***** DATA EXTRACT *****

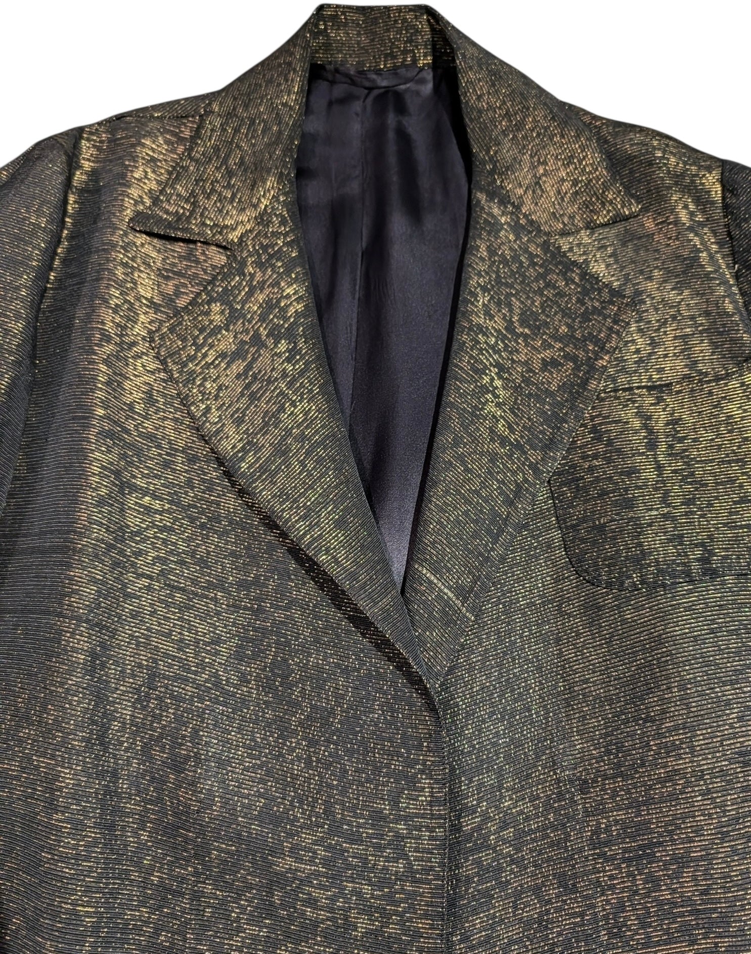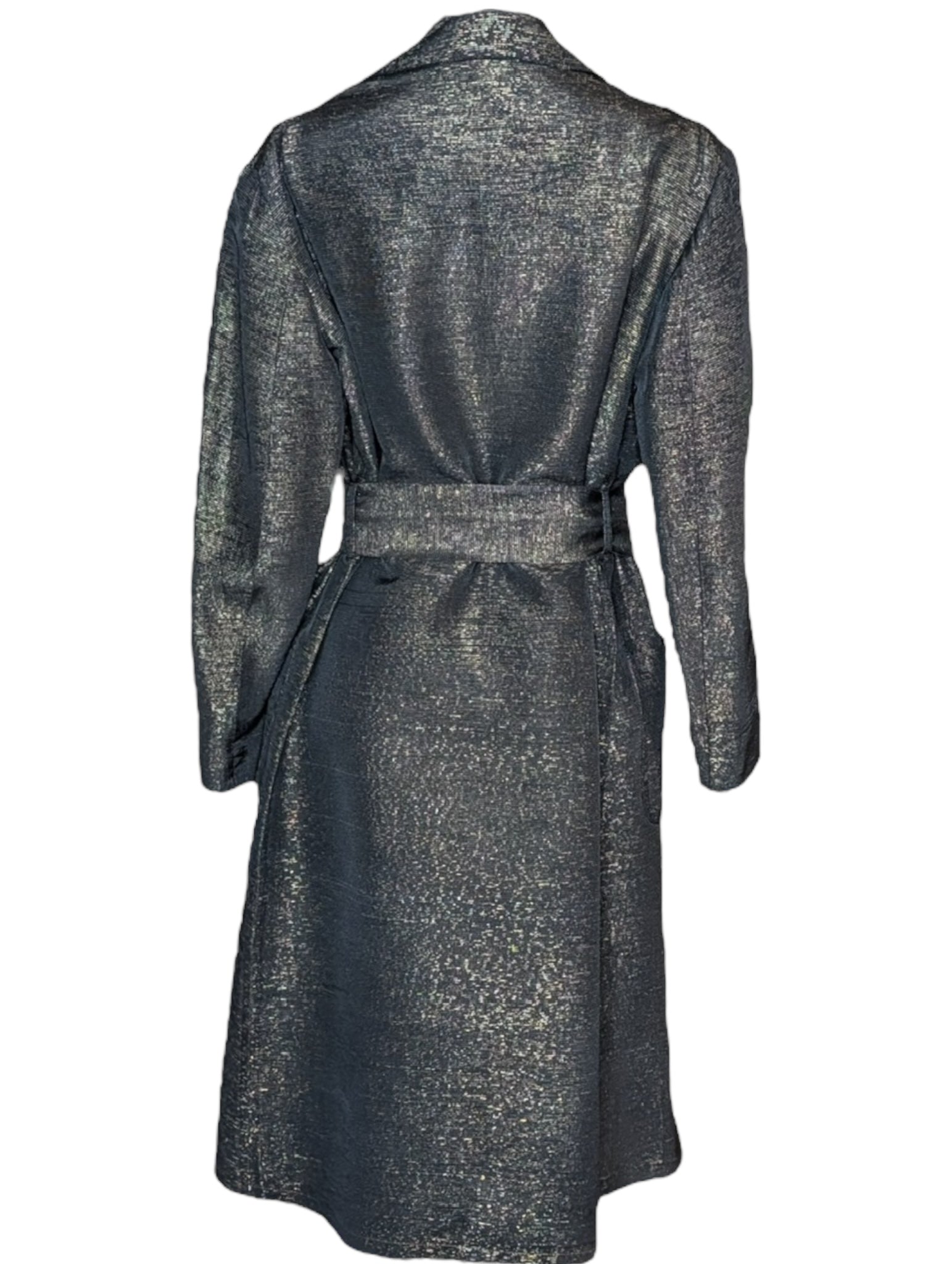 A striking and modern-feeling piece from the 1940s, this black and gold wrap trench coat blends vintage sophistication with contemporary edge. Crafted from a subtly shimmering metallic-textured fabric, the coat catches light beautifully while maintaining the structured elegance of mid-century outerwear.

*****
***** DATA EXTRACT *****

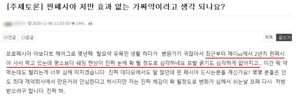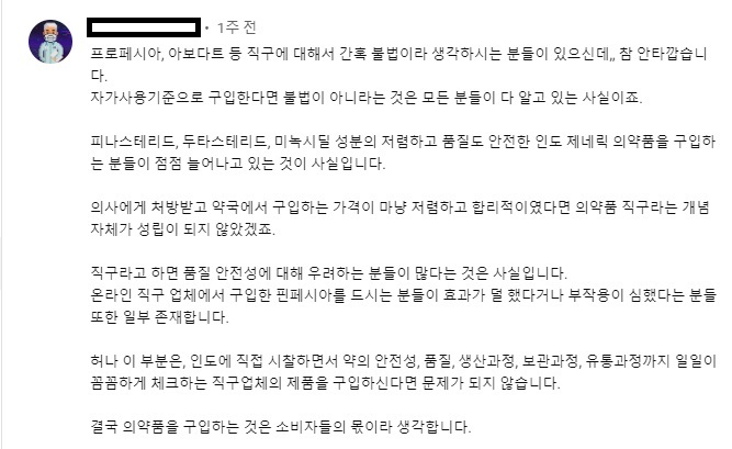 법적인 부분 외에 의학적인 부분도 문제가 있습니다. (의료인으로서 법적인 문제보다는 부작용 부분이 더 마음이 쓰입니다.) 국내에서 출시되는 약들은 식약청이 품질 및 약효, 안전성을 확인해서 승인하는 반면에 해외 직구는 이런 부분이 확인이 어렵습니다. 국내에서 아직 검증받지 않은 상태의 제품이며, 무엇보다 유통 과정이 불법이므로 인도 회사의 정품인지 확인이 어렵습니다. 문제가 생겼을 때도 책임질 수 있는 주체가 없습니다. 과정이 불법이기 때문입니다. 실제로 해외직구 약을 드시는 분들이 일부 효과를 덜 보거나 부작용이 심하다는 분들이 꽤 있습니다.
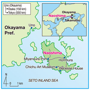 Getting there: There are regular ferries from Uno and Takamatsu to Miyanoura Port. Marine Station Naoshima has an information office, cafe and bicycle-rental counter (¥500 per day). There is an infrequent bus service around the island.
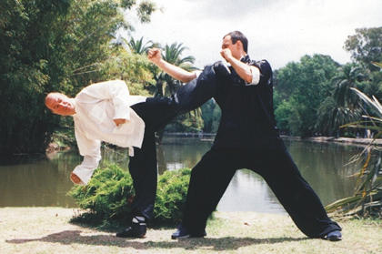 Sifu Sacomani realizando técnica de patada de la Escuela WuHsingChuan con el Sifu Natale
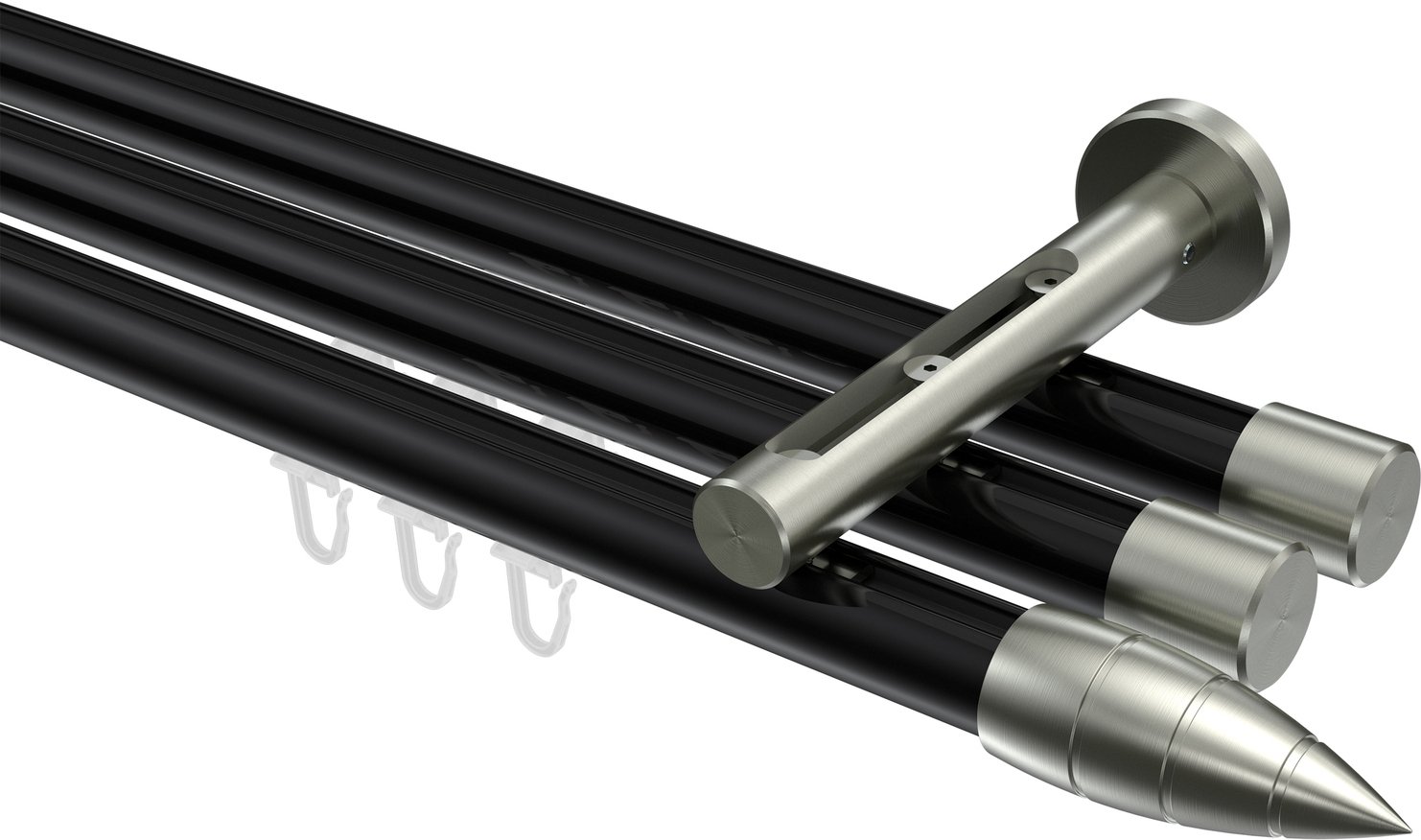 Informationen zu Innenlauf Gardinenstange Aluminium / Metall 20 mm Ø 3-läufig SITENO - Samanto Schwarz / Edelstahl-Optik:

*****

> **DESCRIPTION OF THE TASK**
Within the listing above, extract exactly the lines that run from the one containing "Getting there: There" through the one containing "Informationen zu Innenlauf", excluding any pictures.

> **RESULT BELOW**
 Getting there: There are regular ferries from Uno and Takamatsu to Miyanoura Port. Marine Station Naoshima has an information office, cafe and bicycle-rental counter (¥500 per day). There is an infrequent bus service around the island.
 Sifu Sacomani realizando técnica de patada de la Escuela WuHsingChuan con el Sifu Natale
 Informationen zu Innenlauf Gardinenstange Aluminium / Metall 20 mm Ø 3-läufig SITENO - Samanto Schwarz / Edelstahl-Optik:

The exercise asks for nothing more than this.